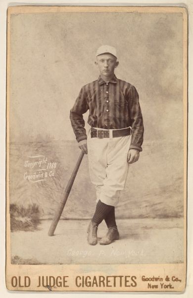 This sepia-toned photograph, "Donnelly, 3rd Base, Washington," was produced by Goodwin & Company around 1887 as part of the "Old Judge Cigarettes" series. The composition is dominated by the figure of a baseball player, centrally posed with a bat, against a muted backdrop. The limited tonal range creates a sense of depth and focuses our attention on the subject. The photograph is structured around a play of horizontal and vertical lines: the horizontal stripes of the baseball cap contrast with the verticality of the bat and the player's stance. This creates a visual tension, suggesting both stability and potential action. The placement of the figure against a plain background isolates him, emphasizing his form and the tools of his trade. The image exists as a signifier of late 19th-century American culture, where sport, advertising, and tobacco intertwined. The use of photography as a mass-producible medium allowed for the commodification of public figures. "Donnelly, 3rd Base, Washington," prompts questions about the construction of identity and celebrity, and how images are used to convey cultural values.
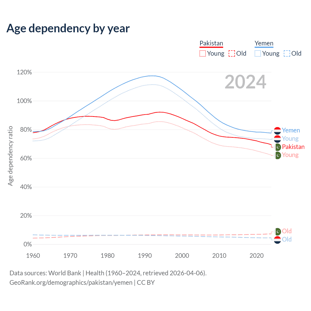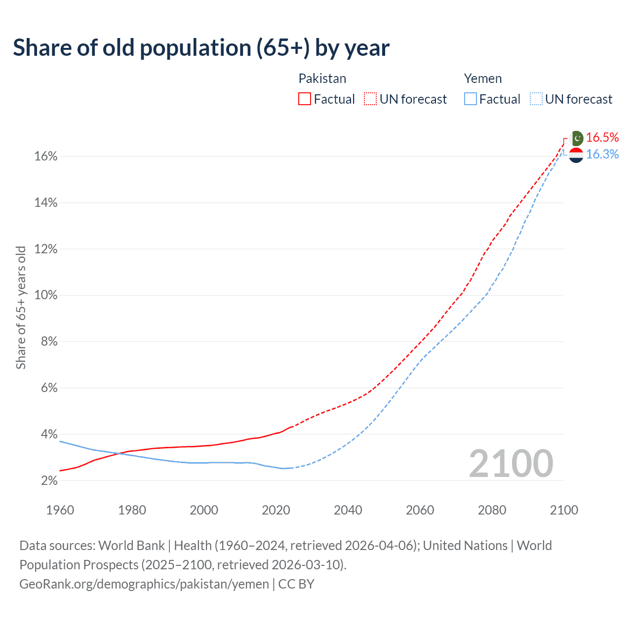- The share of old-age demographic (65+) in Pakistan is 4.28% vs 2.52% in Yemen.
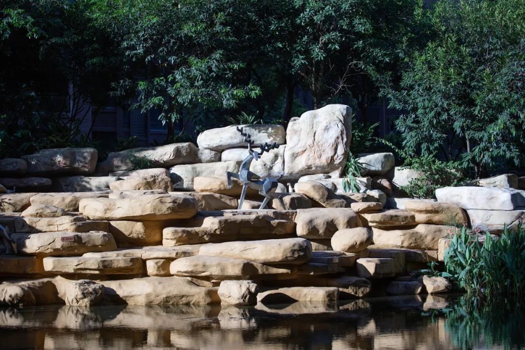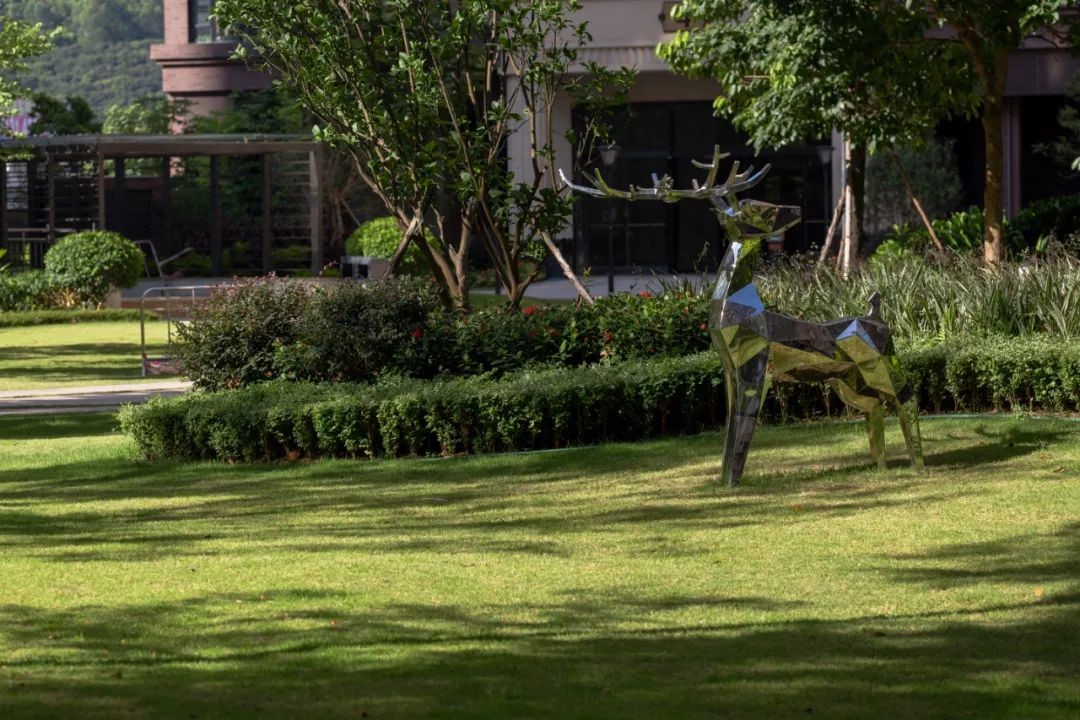 項(xiàng)目尊重城市肌理的同時(shí),通過(guò)采集自然的靈魂?duì)I造出獨(dú)特的生態(tài)脈絡(luò)。采用光際穿梭的直線、云團(tuán)投影的弧形、河流流動(dòng)的曲線、梯田植被的層次以及栩栩如生的動(dòng)物造型作為景觀建造布局的設(shè)計(jì)元素,形態(tài)各異的長(zhǎng)角鹿造型作為主要元素布置在牧云溪谷的山水漫野間,猶如畫龍點(diǎn)睛,為空靈的生態(tài)園林增添勃勃生機(jī)。
-----
◆ WHAT YOU HAVE TO DO: Extract, word for word, every line from the one containing "- The share" to the end of the data above, both ends included, and leave out the pictures.

◆ EXERCISE ANSWER:
- The share of old-age demographic (65+) in Pakistan is 4.28% vs 2.52% in Yemen.
 項(xiàng)目尊重城市肌理的同時(shí),通過(guò)采集自然的靈魂?duì)I造出獨(dú)特的生態(tài)脈絡(luò)。采用光際穿梭的直線、云團(tuán)投影的弧形、河流流動(dòng)的曲線、梯田植被的層次以及栩栩如生的動(dòng)物造型作為景觀建造布局的設(shè)計(jì)元素,形態(tài)各異的長(zhǎng)角鹿造型作為主要元素布置在牧云溪谷的山水漫野間,猶如畫龍點(diǎn)睛,為空靈的生態(tài)園林增添勃勃生機(jī)。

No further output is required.